Member of the Iowa Senate from Page County and Fremont County
- In office January 1, 1907 - March 3, 1909

Personal details
- Born: November 9, 1873 Louisa County, Iowa
- Died: November 18, 1949 (aged 76) Washington D.C.
- Party: Democratic

= William Darius Jamieson =

American politician (1873–1949)

William Darius Jamieson (November 9, 1873 – November 18, 1949) was a newspaper publisher and a Democratic U.S. representative from Iowa's 8th congressional district.

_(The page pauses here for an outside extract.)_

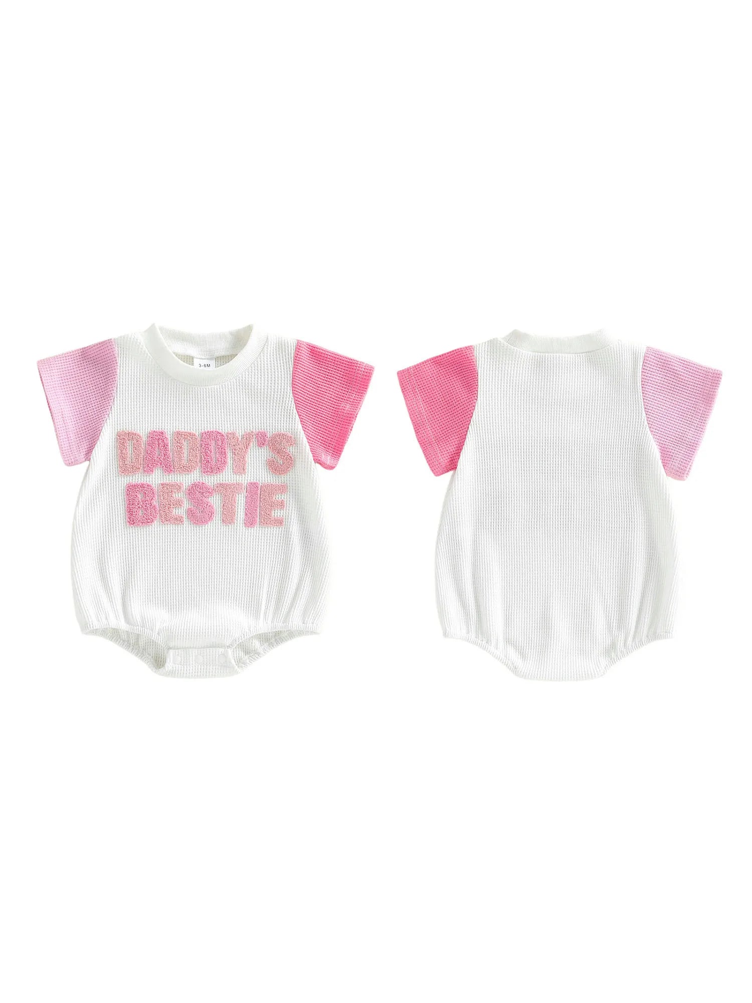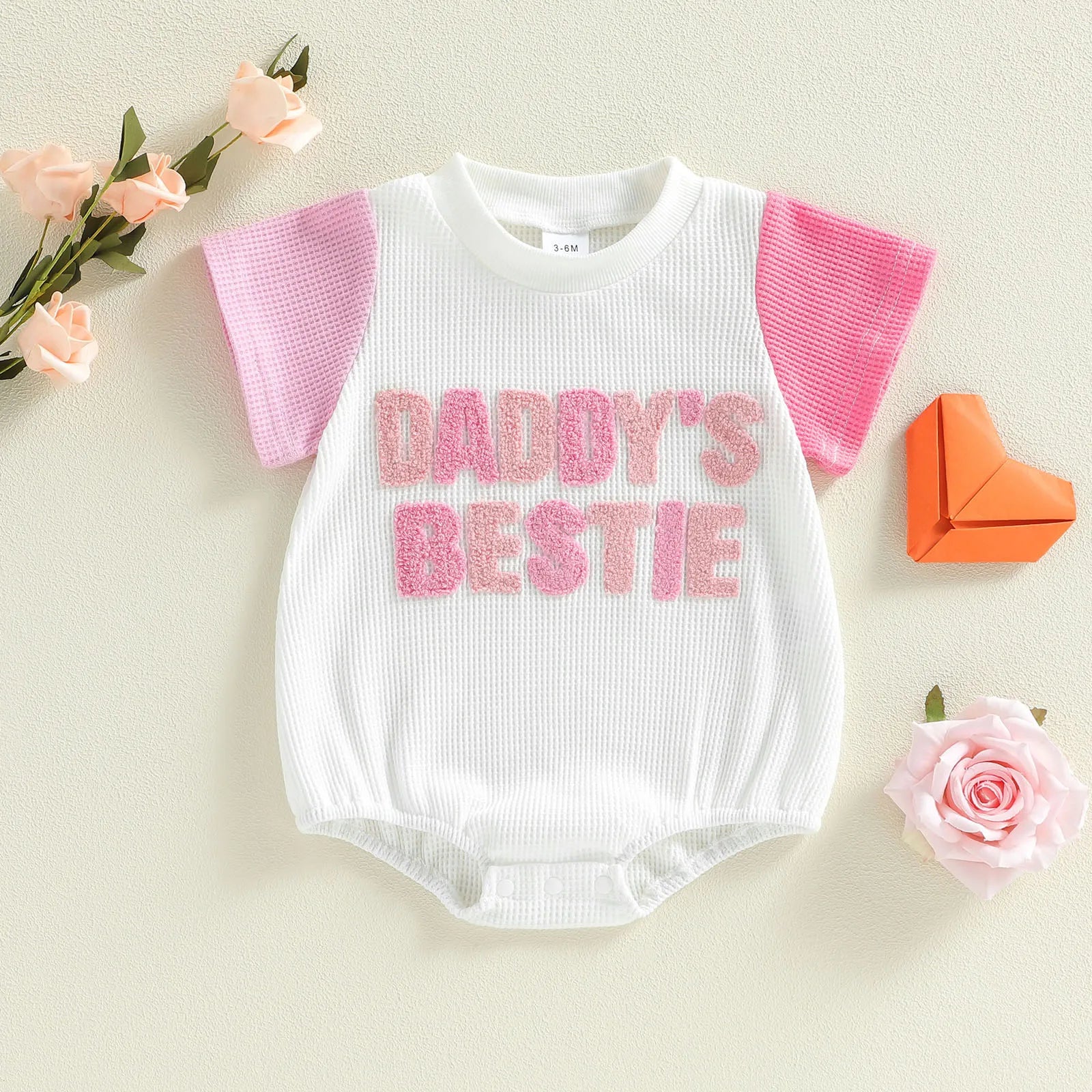 Baby Girls Daddy's Bestie Summer Romper Fashionable Letters Embroidery Short Sleeve Round Neck Jumpsuit

The only Democrat elected from that district in its ninety-year history, Jamieson served only a single term. He studied law at the National University Law School in Washington, D.C. Jamieson edited and published the Ida Grove Pioneer in 1893 and 1894, the Columbus Junction Gazette from 1899 to 1901, the Shenandoah World from 1901 to 1916, and was also editor of the Hamburg Democrat.

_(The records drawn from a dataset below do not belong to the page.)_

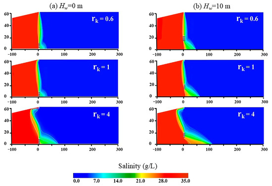 Salinity distribution in aquifers with varying anisotropy ratios (rk = 0.6, 1, and 4) under saline groundwater pumping conditions, with the position of the screening related to the bottom of the aquifer of (a) Hw = 0 m and (b) Hw = 10 m at a constant pumping rate of 3 m3/d. The time points shown are t = 20 years into Stage 2.
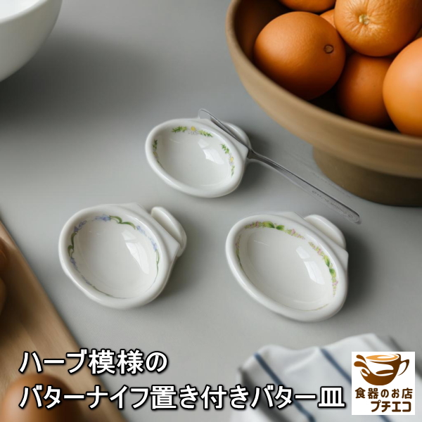 バターナイフ 置き 付き バター 小皿 バタープレート ラベンダー カモミール ペパーミント レンジ可 食洗機対応 美濃焼 日本製 カトラリーレスト スプーンレスト
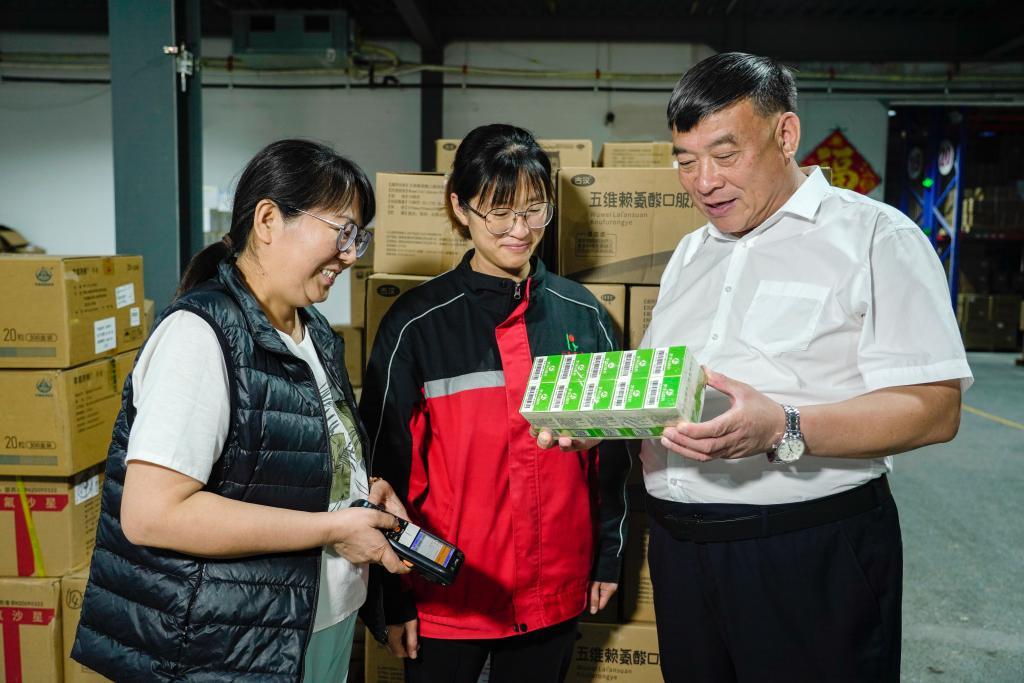 图为裴树清在安排公司员工送药。
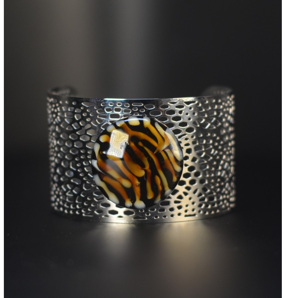 Au centre de cette manchette de 4 cm de large, se trouve un cabochon en verre créé par l’artisane elle-même, avec un motif léopard : . Chaque cabochon étant façonné à la main, chaque bracelet devient une pièce unique, impossible à reproduire à l’identique.

He was elected as a Democrat to the Iowa State Senate in 1906, representing two Republican-leaning counties (Page and Fremont) in southwestern Iowa.

In 1908 (midway into his four-year Iowa Senate term), Jamieson ran for the U.S. House seat in Iowa's 8th congressional district. In a year of strong Republican victories in Iowa (led by presidential candidate William Howard Taft), Jamieson upset longtime Republican Congressman William P. Hepburn, winning majorities in eight of the district's eleven counties. The thirty-five-year-old's defeat of a Civil War and political veteran more than twice his age was attributed to "purely local conditions and local strife," such as anger over bank failures and Hepburn's choices for local postmasters.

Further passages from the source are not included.